Now is the time to prepare fields to be planted to winter wheat by controlling grassy weeds and volunteer cereal crops, says Joel Ransom, North Dakota State University Extension Service agronomist for cereal crops.
"Killing plants that harbor the wheat curl mite at least two weeks prior to planting winter wheat is the only practical way of controlling the wheat streak mosaic virus that is vectored by this microscopic mite," Ransom says.
According to Marcia McMullen, NDSU Extension Service plant pathologist, WSMV is transmitted by wheat curl mites when they move from infected plants to feed on newly emerging winter wheat plants. These mites are able to move only short distances and need actively growing grasses to survive and reproduce.

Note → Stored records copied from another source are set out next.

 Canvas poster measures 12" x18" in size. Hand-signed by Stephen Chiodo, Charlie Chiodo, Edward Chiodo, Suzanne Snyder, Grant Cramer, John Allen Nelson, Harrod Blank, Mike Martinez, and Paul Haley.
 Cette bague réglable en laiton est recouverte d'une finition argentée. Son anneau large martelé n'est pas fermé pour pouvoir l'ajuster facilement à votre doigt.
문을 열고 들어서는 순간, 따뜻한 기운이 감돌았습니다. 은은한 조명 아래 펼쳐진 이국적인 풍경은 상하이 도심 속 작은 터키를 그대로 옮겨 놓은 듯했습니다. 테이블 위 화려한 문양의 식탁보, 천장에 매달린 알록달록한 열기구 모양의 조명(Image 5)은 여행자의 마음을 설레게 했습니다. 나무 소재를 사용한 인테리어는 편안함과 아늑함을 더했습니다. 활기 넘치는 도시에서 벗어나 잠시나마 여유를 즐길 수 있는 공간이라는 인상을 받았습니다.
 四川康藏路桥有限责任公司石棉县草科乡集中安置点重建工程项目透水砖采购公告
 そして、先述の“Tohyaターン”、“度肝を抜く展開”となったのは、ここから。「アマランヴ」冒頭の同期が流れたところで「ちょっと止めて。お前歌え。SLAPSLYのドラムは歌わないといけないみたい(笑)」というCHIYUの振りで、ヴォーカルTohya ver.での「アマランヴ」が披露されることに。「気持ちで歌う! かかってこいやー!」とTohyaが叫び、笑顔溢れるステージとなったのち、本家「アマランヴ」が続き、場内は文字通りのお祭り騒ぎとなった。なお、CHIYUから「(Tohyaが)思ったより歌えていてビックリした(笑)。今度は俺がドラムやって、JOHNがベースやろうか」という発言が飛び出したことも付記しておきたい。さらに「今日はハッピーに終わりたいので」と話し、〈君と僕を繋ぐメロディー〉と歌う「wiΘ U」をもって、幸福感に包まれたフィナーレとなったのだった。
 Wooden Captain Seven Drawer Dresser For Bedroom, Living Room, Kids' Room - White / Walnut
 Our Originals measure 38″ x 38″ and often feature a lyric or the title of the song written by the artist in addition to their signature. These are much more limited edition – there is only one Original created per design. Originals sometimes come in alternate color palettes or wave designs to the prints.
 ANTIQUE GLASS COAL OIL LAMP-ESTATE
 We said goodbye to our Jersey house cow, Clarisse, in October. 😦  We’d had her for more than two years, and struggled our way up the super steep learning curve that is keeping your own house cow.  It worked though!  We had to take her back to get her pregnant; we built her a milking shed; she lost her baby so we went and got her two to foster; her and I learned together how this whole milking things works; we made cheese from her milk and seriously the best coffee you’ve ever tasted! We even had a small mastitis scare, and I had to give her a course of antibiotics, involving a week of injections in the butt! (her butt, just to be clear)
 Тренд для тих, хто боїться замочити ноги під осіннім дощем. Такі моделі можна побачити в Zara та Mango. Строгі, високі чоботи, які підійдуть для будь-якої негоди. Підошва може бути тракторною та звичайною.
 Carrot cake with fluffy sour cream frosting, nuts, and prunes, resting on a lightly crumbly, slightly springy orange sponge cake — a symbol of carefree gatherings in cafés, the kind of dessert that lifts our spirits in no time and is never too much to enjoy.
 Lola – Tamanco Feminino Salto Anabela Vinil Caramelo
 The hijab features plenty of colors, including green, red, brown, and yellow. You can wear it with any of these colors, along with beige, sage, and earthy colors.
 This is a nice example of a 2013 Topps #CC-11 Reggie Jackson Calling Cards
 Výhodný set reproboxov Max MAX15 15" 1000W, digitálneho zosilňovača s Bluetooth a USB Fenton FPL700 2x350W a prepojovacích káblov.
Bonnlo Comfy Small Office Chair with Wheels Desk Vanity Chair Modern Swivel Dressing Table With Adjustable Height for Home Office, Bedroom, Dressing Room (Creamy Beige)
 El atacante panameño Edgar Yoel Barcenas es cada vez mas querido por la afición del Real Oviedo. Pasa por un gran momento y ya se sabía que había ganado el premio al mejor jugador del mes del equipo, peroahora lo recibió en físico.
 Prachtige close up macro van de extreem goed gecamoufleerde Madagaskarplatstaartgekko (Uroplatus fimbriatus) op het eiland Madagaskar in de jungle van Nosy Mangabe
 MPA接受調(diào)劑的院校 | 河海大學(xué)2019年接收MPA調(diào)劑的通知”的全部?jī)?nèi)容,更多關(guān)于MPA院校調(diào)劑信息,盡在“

"If the WSMV is passed to the winter wheat crop in the fall, it will overwinter on the crop," McMullen says. "Not only can the winter wheat crop be devastated by this disease, an infected crop can serve as a source of infection for cereals planted in the spring. The chances that WSMV will be problematic is very high if the green bridge is not broken, as WSMV and wheat curls mites commonly are found in grassy plants, even those not showing symptoms, at this time of the year in North Dakota."
Kent McKay, Extension Service area specialist at the North Central Research Extension Center in Minot, identified three reasons why WSMV was damaging winter wheat fields in north- central and northwestern North Dakota in 2007.
The first, farmers that had few volunteer plants in their fields, as low as one plant in 100 square feet in one case, did not apply a burn-down herbicide because it was erroneously presumed that a low density of volunteers could not effectively harbor the mites that transmit the virus.
The second occurred when farmers applied glyphosate the same day they planted their winter wheat. In this case, dying volunteers were able to support the mites until the winter wheat emerged, at which time the mites moved to the winter wheat.
The third case involved planting winter wheat into canola residue without a burn-down herbicide application. Unfortunately, there were sufficient mite-infested volunteer wheat plants from the previous wheat crop in the canola residue to result in the infection of the emerging winter wheat. This crop had to be destroyed in the spring.
"The take-home message from these experiences is that all fields to be planted to winter wheat should be sprayed with glyphosate at least two weeks before planting, no matter what the previous crop or the level of volunteer growth present," McKay says.